A história do assentamento é um exemplo inspirador para a luta por terra e território, pois indica uma possibilidade muito real de resistência frente ao grande capital. Para que não tenhamos mais que nos dobrar ao poder das empresas que exploram a terra e a população, o Assentamento Baixa Verde mostra que o caminho é pela autonomia e articulação entre as comunidades territorializadas e autoorganizadas.

Videos Produzidos durante a I Pré Jornada do Assentamento Baixa Verde – MLT:

Mestre Zuza fez todo um resgate histórico e sistematizado sobre a luta do Assentamento Baixa Verde e nos explicou alguns passos em como retomar a Terra e o Território enfrentando a aliança historica do Estado com o Capital que mesmo sob um governo do partidos trabalhadores continua a beneficiar a burguesia latifundiária.

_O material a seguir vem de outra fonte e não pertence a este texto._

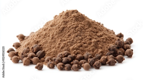 A small heap of ground allspice powder with whole berries
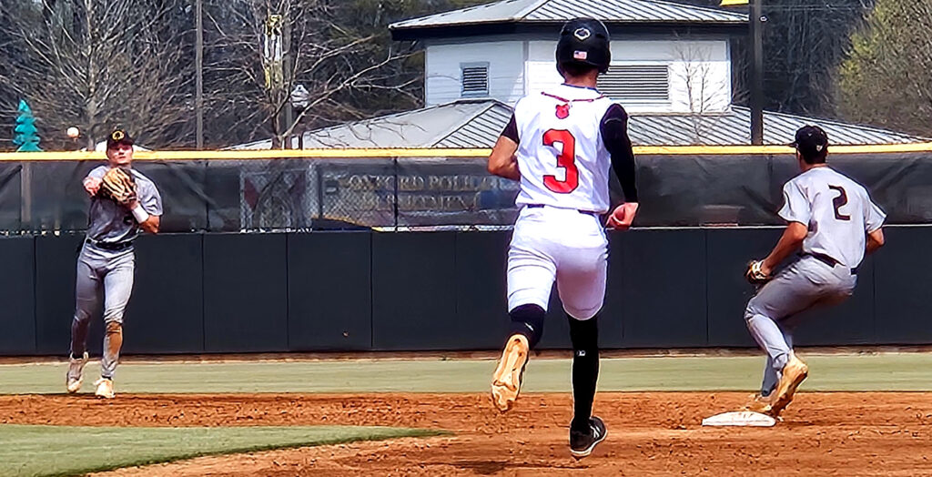 Oxford’s Nick Richardson takes off down the first-base line after connecting on a pitch against Alexandria on Thursday at Choccolocco Park. (Photo by Joe Medley)
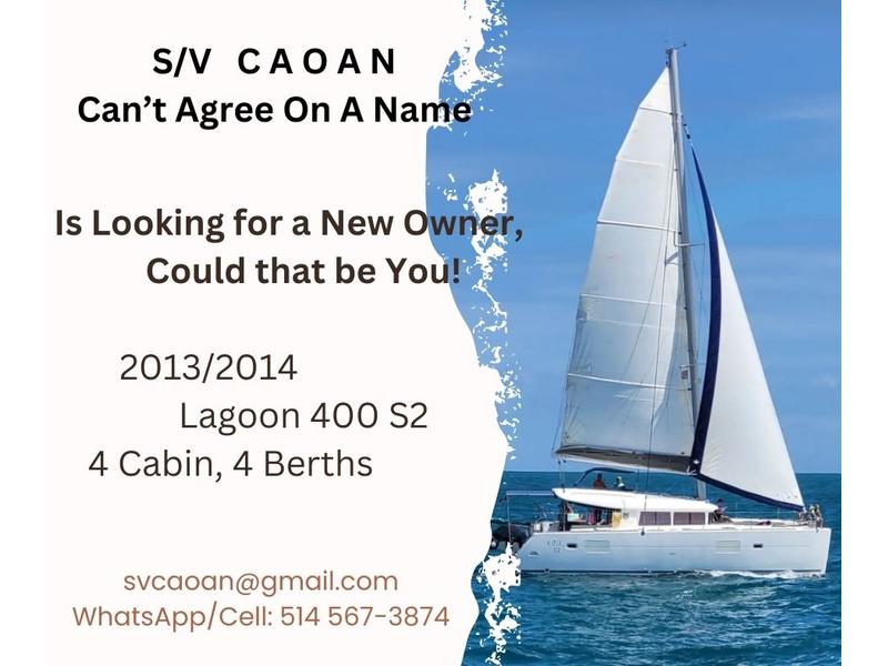400 S2 Lagoon Catamaran, 2013 launched in 2014, is very well maintained with numerous upgrades since coming out of charter in 2019. The previous owner purchased her in 2019 and we purchased it in Sept 2021. Between the two owners we have improved her condition and systems, so that CAOAN is a self-sufficient cruising boat with modern systems. After 4 years of exploring from Grenada to Bahamas and putting SV CAOAN on the hard in the Chesapeake, Virginia each hurricane season we have decided to return home for a couple years and then purchase another boat to continue our adventures.
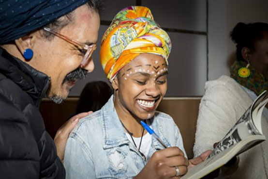 O coletivo Pretas com Poesia despontou na capital paranaense como um projeto cultural criado para visibilizar escritoras negras de bairros periféricos. Inicialmente composto por 16 integrantes, hoje o grupo conta com 40 escritoras de Curitiba, Região Metropolitana, Litoral e Oeste. O perfil das integrantes é variado – são cantoras, agricultoras, lideranças quilombolas, professoras universitárias e até estudantes de medicina, unidas pelo amor à poesia e pelas mais variadas formas de intervenção artística.

Roze nos fala um pouco sobre a escolha do tema da Pré Jornada: Na Luta por Terra e Território, Contra a Monocultura, assunto completamente relacionado com a história da luta do território que foi vitorioso depois de anos de luta contra grandes empresas do monopólio da celulose que destroem os biomas plantando eucalipto transgênico de forma predatória.

Jheyds, jovem militante do MLT e da rede de juventude da Teia dos Povos, que articula os processos no assentamento nos conta a importância material e espiritual dessa atividade, ele afirma que não estão apenas plantando árvores, mas sim guerreiros com centenas de metros de altura e que fincam suas raízes na terra o transformando em território e fazendo assim a luta perdurar.